Summary: I changed from System.Threading.Tasks.Parallel.ForEach and Concurrent Data structure to a simple plinq (Parallel Linq) query. The speed up was amazing.
So is plinq inherently faster than Parallel.ForEach? Or is it specific to the task.
// Original Code
// concurrent dictionary to store results
var resultDict = new ConcurrentDictionary<string, MyResultType>();
Parallel.ForEach(items, item =>
{
resultDict.TryAdd(item.Name, PerformWork(source));
});
// new code
var results =
items
.AsParallel()
.Select(item => new { item.Name, queryResult = PerformWork(item) })
.ToDictionary(kv => kv.SourceName, kv => kv.queryResult);
Notes: Each task (PerformWork) now runs between 0 and 200 ms. It used to take longer before I optimized it. That's why I was using the Tasks.Parallel library in the fist place. So I went from 2 seconds total time to ~100-200 ms total time, performing roughly the same work, just with different methods. (Wow linq and plinq are awesome!)
Questions:
- Is the speed up due to using plinq vs Parallel.ForEach?
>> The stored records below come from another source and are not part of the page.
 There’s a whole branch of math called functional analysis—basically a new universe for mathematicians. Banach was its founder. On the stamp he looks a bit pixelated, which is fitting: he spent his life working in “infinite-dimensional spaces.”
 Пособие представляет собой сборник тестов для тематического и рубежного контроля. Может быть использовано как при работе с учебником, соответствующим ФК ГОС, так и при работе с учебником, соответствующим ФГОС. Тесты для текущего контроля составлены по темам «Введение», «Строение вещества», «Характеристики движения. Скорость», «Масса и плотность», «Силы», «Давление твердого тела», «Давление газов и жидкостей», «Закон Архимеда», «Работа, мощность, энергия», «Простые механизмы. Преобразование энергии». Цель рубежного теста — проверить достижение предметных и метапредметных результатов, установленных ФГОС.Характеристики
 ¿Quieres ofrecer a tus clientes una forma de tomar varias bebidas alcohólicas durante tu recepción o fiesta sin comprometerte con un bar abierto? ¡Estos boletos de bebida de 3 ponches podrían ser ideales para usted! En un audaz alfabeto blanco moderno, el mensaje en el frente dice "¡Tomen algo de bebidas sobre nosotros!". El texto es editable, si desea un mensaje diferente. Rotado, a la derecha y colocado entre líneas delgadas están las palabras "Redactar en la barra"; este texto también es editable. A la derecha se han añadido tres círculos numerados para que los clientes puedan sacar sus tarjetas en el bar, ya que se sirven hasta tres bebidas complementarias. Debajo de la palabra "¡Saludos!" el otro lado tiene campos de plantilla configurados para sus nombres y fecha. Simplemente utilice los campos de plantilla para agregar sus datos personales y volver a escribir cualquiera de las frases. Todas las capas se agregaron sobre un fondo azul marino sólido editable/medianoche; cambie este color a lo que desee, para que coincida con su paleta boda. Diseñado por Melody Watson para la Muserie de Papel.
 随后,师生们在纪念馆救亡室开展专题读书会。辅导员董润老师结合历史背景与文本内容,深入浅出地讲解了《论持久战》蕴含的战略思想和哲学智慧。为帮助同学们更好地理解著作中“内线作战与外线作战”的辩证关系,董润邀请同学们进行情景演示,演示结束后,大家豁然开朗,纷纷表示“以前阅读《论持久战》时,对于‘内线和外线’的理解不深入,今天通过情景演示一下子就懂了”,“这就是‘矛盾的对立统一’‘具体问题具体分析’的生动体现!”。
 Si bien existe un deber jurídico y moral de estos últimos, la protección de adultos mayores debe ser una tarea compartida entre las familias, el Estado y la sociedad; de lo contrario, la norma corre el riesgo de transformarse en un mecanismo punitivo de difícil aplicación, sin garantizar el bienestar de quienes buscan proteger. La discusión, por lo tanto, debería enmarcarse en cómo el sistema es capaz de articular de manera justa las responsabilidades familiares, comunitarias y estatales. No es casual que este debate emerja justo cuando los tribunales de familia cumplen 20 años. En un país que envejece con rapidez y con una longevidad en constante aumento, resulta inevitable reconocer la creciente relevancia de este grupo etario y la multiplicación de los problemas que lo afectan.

- Is it instead simply the removal of the concurrent data structure (ConcurrentDictionary)? (Because it doesn't need to synchronize threads).
- Based on the answer from this related question
Whereas PLINQ is largely based on a functional style of programming with no side-effects, side-effects are precisely what the TPL is for. If you want to actually do work in parallel as opposed to just searching/selecting things in parallel, you use the TPL.
Can I assume that because my pattern is basically functional (giving inputs produce new outputs without mutation), that plinq is the correct technology to use?
I'm looking for validation that my assumptions are correct, or an indication that I'm missing something.